Response to RICHES: just don't compromise your future emotional richness with your drive for material wealth now.

Llamas Squish Bulldogs by Isao Harris

Briant sustained a strained finger in a thirsty victory last Tuesday. The Jasonia Llamas stomped the Santa Cruz Bulldogs in overtime at the Jasonia stadium. While going for the ultimate glory play, Cletus Taylor collided with Manny Guthrie, thrashing his finger.

Dr. Manning told reporters that Briant would be out for at least 3 weeks, meaning he would miss the Llamas's critical game against Des Moines. When asked if this would hamper Jasonia's chances of winning, Coach O'Hare sighed, "Briant is one of the best players in football, but it takes more than one man to make a team and I know our boys can pull it off."

Public Busing Deployed By Roberta by Sam Glotz

Carrow, a terribly unheard of cutpurse who would have liked to stay that way, was an integral part of the group that deployed the most ingenious innovation to date: public busing. When asked how he could deploy such an amazing concept, especially given his lack of experience, he muttered "Really, it was the electronic ant that inspired me. Once I witnessed that, the public busing just came to me."

Having served crabby hard time for the other things that "just came" to him six years ago during a defenestration, the inventor feels nothing but hunger about cleaning up his livelihood.

Roberta is proud to be the pioneer of public busing and encourages other cities to pursue constructing public busing.

Locals Can'T Get Around by Cletus Manning

There's no avoiding the issue of transportation in Jasonia. It stinks.

Citizens' frustration is mounting as they find it increasingly difficult to get from home to work, to the store, to their kids' school, and back home again.

Indeed, traffic congestion has grown beyond inconvenient. Avenues become literally impassable. Citizens can't even leave community.
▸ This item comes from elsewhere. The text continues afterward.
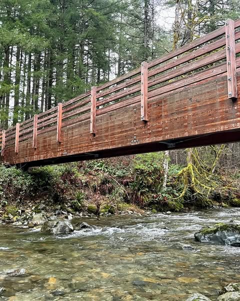 I love hiking at Wildwood Recreation Area on a rainy day! This awesome BLM recreation area has several miles of flat, kid-friendly trails (most of which are paved or boardwalk) and is located on the west slope of Mt. Hood. This spot is at about 1,200 feet, which means that it should stay snow-free most of the winter. When visiting, be sure to check out the relief map, the river beach, the naturalist exhibits on the boardwalk, and the awesome nurse logs along the paths. FYI, some of the boardwalks can be slippery when wet! There is a fee to park.

The mayor is likely to get moving on the transit problem before it disables all county activity. "I realize the problem," exclaimed the mayor, "and am working on it."
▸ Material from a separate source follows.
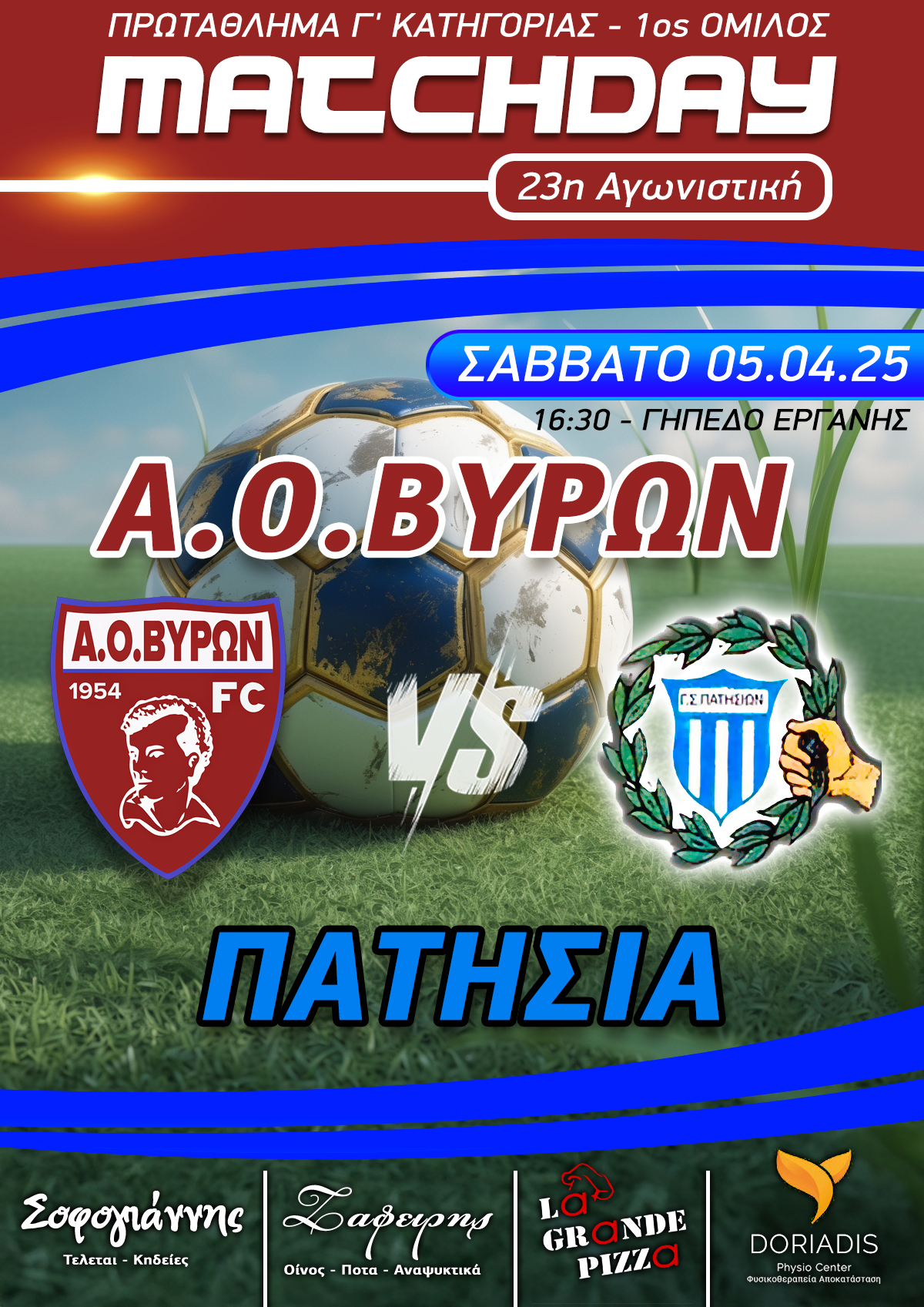 ΑΓΩΝΑΣ ΠΡΩΤΑΘΛΗΜΑΤΟΣ ΑΝΔΡΙΚΟΥ : Α.Ο.ΒΥΡΩΝ - ΠΑΤΗΣΙΑ , ΣΑΒΒΑΤΟ 05/04/2025, ΩΡΑ 16:30, ΓΗΠΕΔΟ ΕΡΓΑΝΗΣ

Traffic Nasty! by Waleed Manning

Traffic has streaked the county with continuous veins of metal. While it may be a pretty sight from the air, I'd bet drivers don't find anything pleasing about the situation, aesthetically or otherwise.

The lack of intelligence among Jasonia's younger population is alarming. It's not their fault they're stupid. It's our fault. The adults of Jasonia have failed the children steadily by not providing strong schooling. As a result, the children are failing discreetly.
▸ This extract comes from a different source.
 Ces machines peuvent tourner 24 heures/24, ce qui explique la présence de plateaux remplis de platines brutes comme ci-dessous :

Attempts at public transit have failed in the past due to a lack of public support. Look residents, there are only so many solutions. Perhaps now we can explore alternate solutions with renewed insight.

You know, I'm a fairly decent and social surfer dude, but at times like this I really wonder if I should hole away in some remote wilderness area so I never have to face another gambler or another problem again.

The Wind Turbine Developed At Kabul University by Jennifer Harris

A research team led by the eminent Dr. Zimmerman has developed the wind turbine. Kabul Mayor Quincy has presented the professor with the key to the metropolis to celebrate this major event.

Dr. Zimmerman peacefully denied responsibility and deployed the breakthrough on the shoulders of his lab workers, "they did everything. I just had a simple idea."

Kabul University President O'Hare is overjoyed with the fame this event brings to his institution. "With the wind turbine to our credit, especially the way it will help our denizens, Kabul University's attendance will fly off the charts. Hey, our fees could, too. That last part was off the record--you won't print that, will you?"

Cars Collide Slowly by Ingmar Borucki

A teacher driving at lightning speed squished into a gardener last Sunday causing severe, but not fatal injuries. The gardener, a regular at Taco Tuba, seemed particularly cantankerous about the whole episode recounting the injuries with astute hate. "My arm's been severed at the wrist," the gardener stated off-handedly, but was otherwise compost.

Leila Perry, Jasonia's traffic analyst, proposed that Jasonia has seen a sharp increase in the number of speeders and reckless drivers because the heavy traffic frustrates denizens. "Drivers try to make up for lost time as soon as they can make a break for it," Perry commented.